##### Data #####
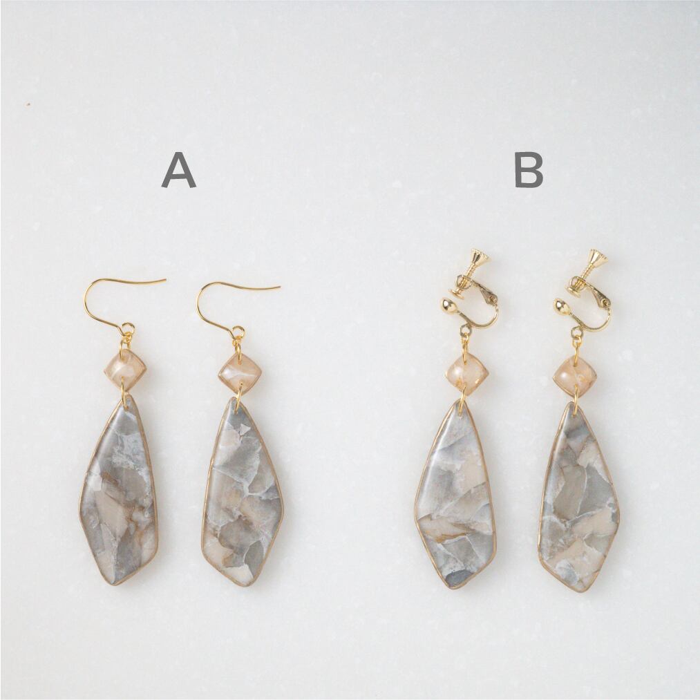 フックタイプピアス、またはネジバネ式イヤリングからお選びくださいませ。
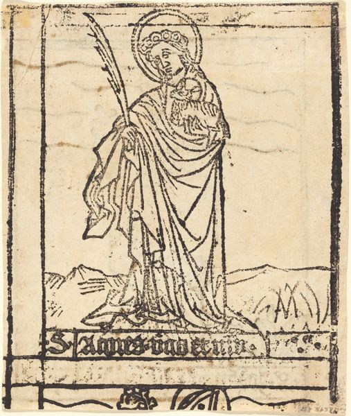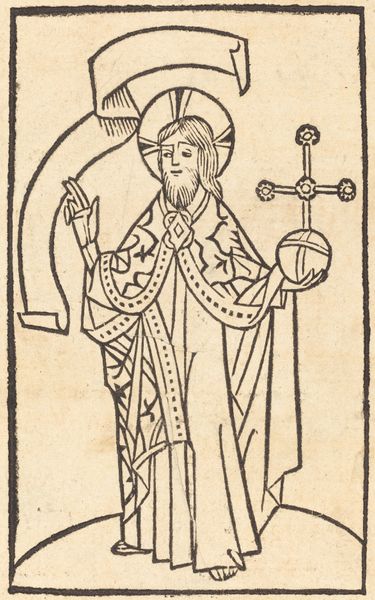 Curator: I'm struck immediately by the stark simplicity of the lines, like something found in an ancient storybook, the kind with ominous undertones. What do you think? Editor: Indeed! And this woodcut is attributed to Sebald Beham. The work, "Saint Erasmus as Bishop," presents a fascinating image of a saint who suffered a rather gruesome martyrdom. Notice the details of his vestments, and the environment that surrounds him: Sebald Beham shows the scene with incredible economy! Curator: It does have a storybook feel! And thinking of poor Erasmus now, those are not just decorative items, they speak to something… ominous? The composition looks almost naively drawn, and gives it, I think, an archaic flavor. The mountains there in the background... I see childhood memories mixing with iconography! Editor: Precisely, but childhood memories through the lens of faith, of course! The very limited tonal range and line work give him a quiet monumentality. And notice, to one side of Erasmus we see a twisted, somewhat primitive rendition of an object that appears to be his attribute: a windlass! It was, according to his legend, with this very device that his bowels were extracted! Curator: Ah, well there's the grim undertone confirmed! It's a bit terrifying to see something so awful presented so plainly, really. And I guess it says something about resilience to look to a saint who faced a terrible ordeal. I’d be likely hiding if that ever happened to me! Editor: The power of faith. As well, remember this piece would have existed in a culture utterly steeped in religious stories and, indeed, often violent imagery! A collective visual literacy shaped by the church. Beham really understood this! The bishop's imposing posture, the symbols... Curator: Gives one a lot to think about. I initially took in that pastoral scenery in the background and got such a comfortable feeling, while now I wonder whether something menacing is implied, something I can't shake anymore! Editor: A true convergence of artistic skill and cultural narrative then. I will be certain to remember "Saint Erasmus as Bishop" as one of Sebald Beham's pieces with very unsettling contrasts! Curator: It will certainly change the way I daydream among nature scenes! Now excuse me while I go ruminate on bowels being wound from torsos, and how to reconcile that with pleasant mountains...
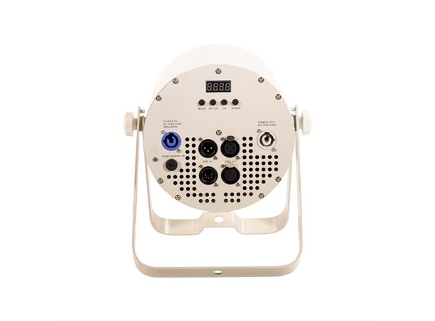 The COB Cannon Wash ST Pearl comes in a white housing and has massive 80-degree beam angle. Easily replaceable 40-degree and 50-degree lenses are included so that the beam angle may be changed.
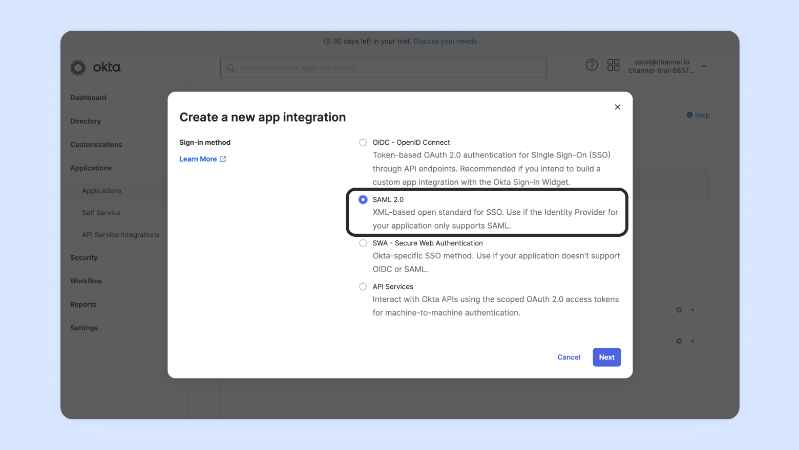 1. SAML 2.0を選択
#####
[Task objective]: Without the pictures, transcribe the lines from the one containing "The COB Cannon" through the end of the data, exactly and only those.

[Task answer]:
 The COB Cannon Wash ST Pearl comes in a white housing and has massive 80-degree beam angle. Easily replaceable 40-degree and 50-degree lenses are included so that the beam angle may be changed.
 1. SAML 2.0を選択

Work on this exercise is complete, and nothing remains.